An evangelical blogger that I read every day just posted an article in which he speaks about the unholy trinity. He says:
Someone wrote me the other day using the phrase “the other Trinity,” referring to evangelicals’ obsession with homosexuality, abortion and evolution. All are important issues, but does anyone else have the suspicion that we are no longer dealing with a balanced approach to Christian ethics, but a situation where the reactive energies attached to these issues are the engines dominating much evangelical engagement with the world?
He makes some very good points. Among them are how we have managed to argue our way around the requirements of the Gospel to love everyone and change it into the idea that we can, in effect, hate certain people. He points out that we say that we “hate the sin, but not the sinner,” but that in actuality it is almost impossible to tell the difference.
He further makes some convicting comments:
We can also, conveniently, keep the light of truth off of ourselves . . . .
Where I live, our community is ravaged by poverty. Visible poverty is everywhere, much of it of the kind that would shock and sicken the typical suburban adult. There is a plague of meth and other drugs. Federal drug enforcement has the former mayor of our county seat under lock and key. We have DEA in the air half the year. Domestic abuse, incest, fraud, stealing: they are all rampant and we all drive past them every day. We see some of the problems up close in the lives and families of our students.
But when Tim Hardaway says, “I hate gays,” it strikes a chord in many Christians, because we hate homosexuality in a way we don’t hate poverty, racism, the neglect of children, government corruption, and the violence that surrounds us. We’ve allowed ourselves to feel the hatred of one sin that offends us, while we’ve thrown the blanket of denial and minimizing over our true character.

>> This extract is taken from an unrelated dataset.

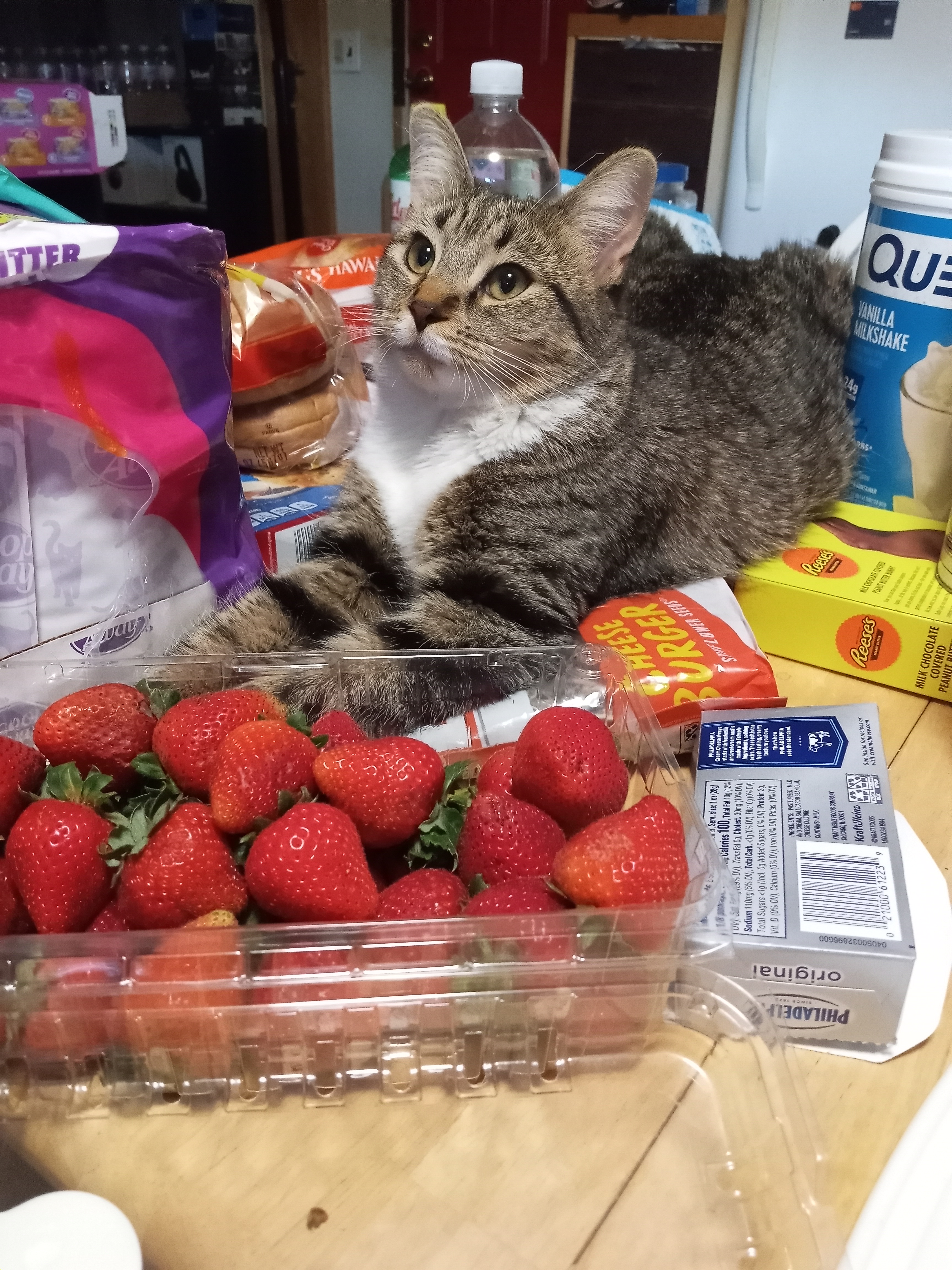 Cherries are actually not really recommended for cats, since they are considered a stone fruit due to the pits. These puts not only prevent a choking hazard, but we cannot digest the pit if ingested. However, Angel keeps licking the meat of the fruit, which seems to be okay (she typically only gets one or two; we don’t want to risk making her sick). Assuming you avoid the pit and stem, cherries can benefit cats by offering the typical vitamins (A, C, and K), along with magnesium, calcium, and antioxidants. These sound like a great idea when your human brings home the office cold and wants to snuggle right up with you!

But, this over-concentration on the unholy trinity also has had one other terrible side-effect. That over-concentration has been used by political activists to convince too many of the christian community that they may only use those three subjects to make any decisions on political matters. That would have been bad enough, but only on the unbalanced side.

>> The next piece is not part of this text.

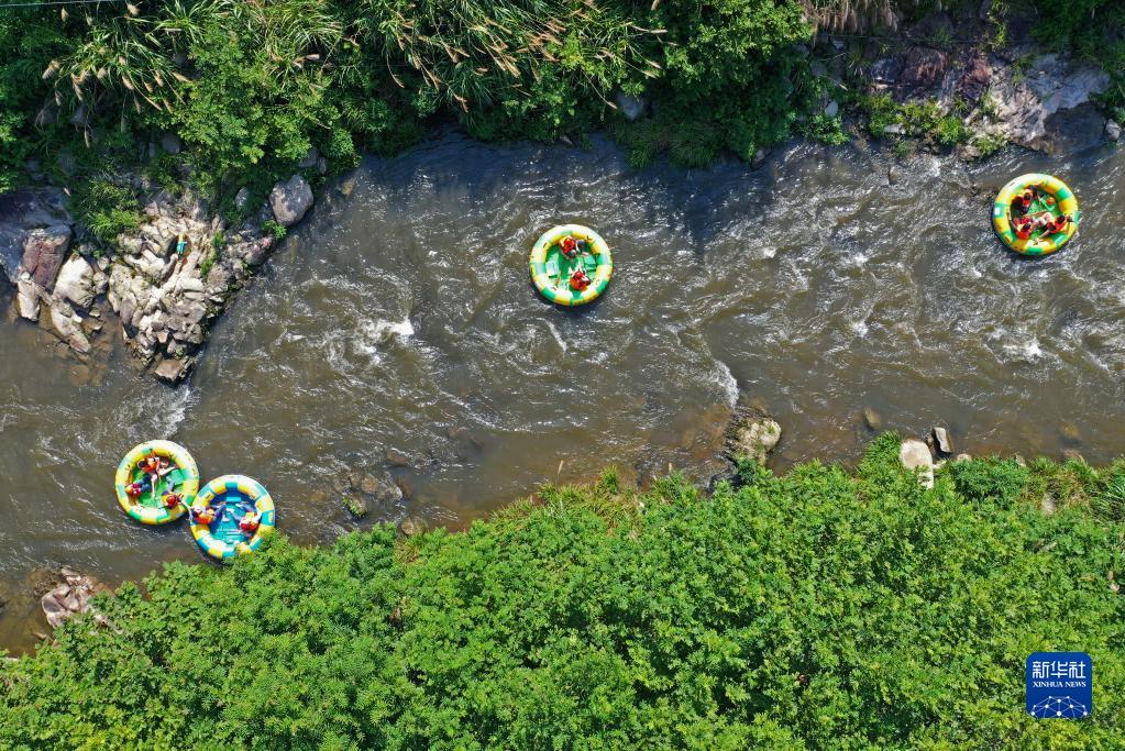 江西南昌連日高溫,人們來(lái)到郊外峽谷山澗,體驗漂流旅游項目,親近自然山水,享受夏日清涼。

The worse problem is what those political activists were able to do to our overall sense of balance. Notice what the blogger wrote, and before you judge, I should mention that the blogger is a Baptist pastor who is a chaplain. He is not precisely a raging liberal by a long shot. But, he does live in a community where, as he puts it, “visible poverty is everywhere, much of it the kind that would shock and sicken the typical suburban adult.”
And, what has happened is that, as he put it, we have forgotten some rather essential matters, matters that are mentioned over and over and over in the Old Testament. Uhm, in fact, the Early Church Fathers actually debate whether or not the first eleven chapters are meant to be literal or allegorical, but that is a side point. What is true is that, “in a way we don’t hate poverty, racism, the neglect of children, government corruption, and violence that surrounds us.” At least, we don’t hate it in the way we supposedly only hate the sins of homosexuality and abortion. Uhm, I do not consider that the failure to believe in a six-day literal creation is a sin.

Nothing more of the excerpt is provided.